Coping With Future Stress and Personality

Darrell’s avatar

When faced with potential stress, how do you cope? Do you batten down the hatches and gather your resources to ride out a coming storm in safety? Or do you see at a challenge with a potential for reward and growth and go on deck to face the storm head on? Do you resist the stress or do you exploit it, or perhaps you do a little of both?

When discussing such things, modern researchers talk about three types of coping: reactive, proactive and preventive.

  • Reactive involves dealing with stressors that have happened or are happening. On the way to work you spill coffee on yourself and get flat tire all before you get stuck in the traffic tie-up that makes you even later for that important meeting that you’re already late for.
  • Preventive is seeing a stressor approaching, then planning and doing things to lessen the impact of it. You have to give someone bad news, so you figure out how soften the blow to reduce the unpleasant reaction.
  • Proactive is seeing a stressor approaching, then figuring out ways to make the best of it and to turn it into an opportunity.
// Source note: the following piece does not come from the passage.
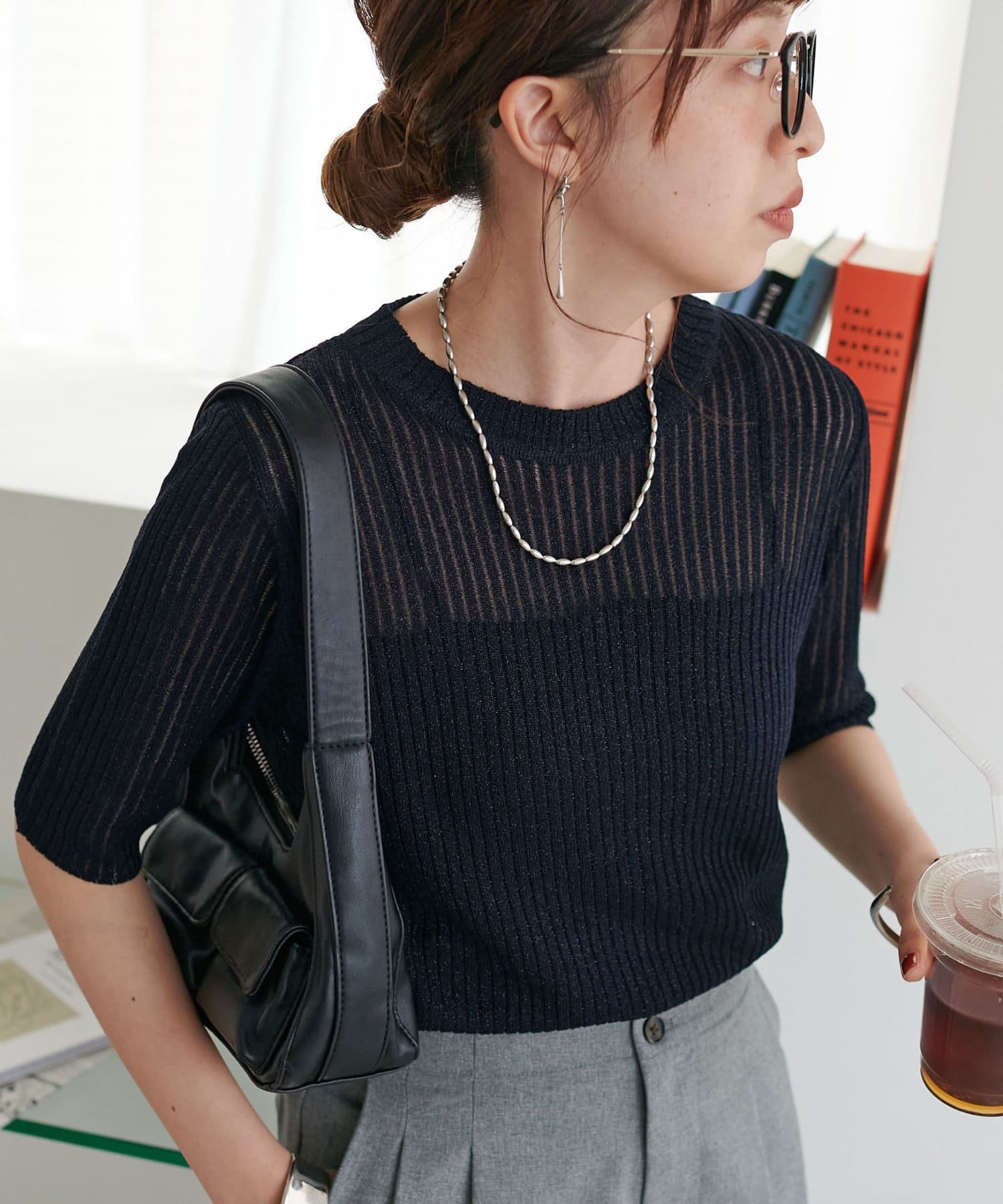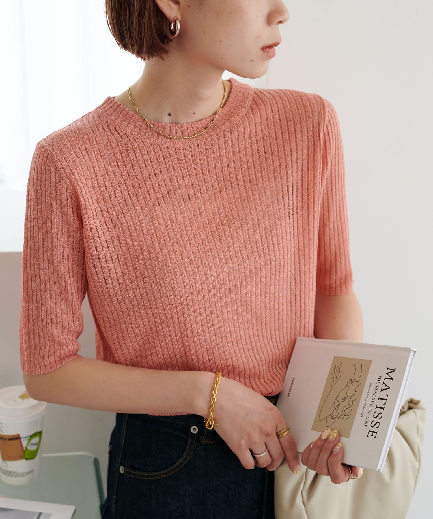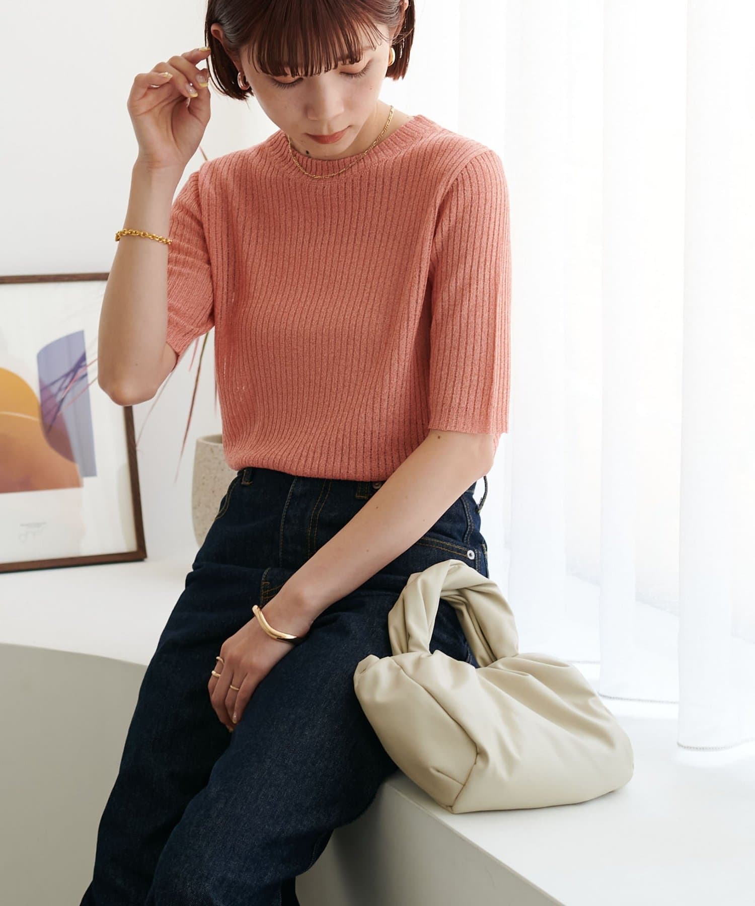 TOP > DISCOAT > レディース > トップス > ニット/セーター > 【WEB限定】ラメリブ5分袖プルオーバー

You have to give someone bad news, so you discover all the alternatives you can to help them find a way through it.

Reactive deals with past and present stressors. Preventive and proactive anticipate future stressors and suggest activity in preparation.

A recent study decided to find out if particular personality traits leaned more toward preventive or proactive coping as a style among college students. They determined that those with high Conscientiousness (likely to have a strong Judging trait in our model) and Openness to Experience (our Intuitive types) were more likely to use both styles. Those with high Extraversion and Neuroticism (one of the aspects of our Turbulent type variant) were “only predictive of proactive coping”. In other words, these personality types are more likely to employ proactive coping.

What does this tell us, if anything? There is nothing startling here, but there is plenty of fodder for conversation. We assume this generalizes beyond college students to the larger population. The balance between the two styles seems prudent. One speaks to readiness while the other speaks to taking charge and doing something positive. Relying more on just one style, regardless how virtuous the style may be, seems a bit limiting. There have also been some suggestions the proactive style is linked to optimism and, therefore, well-being. Then what about the Turbulent types relying on proactivity more? There is obviously still much to be explored.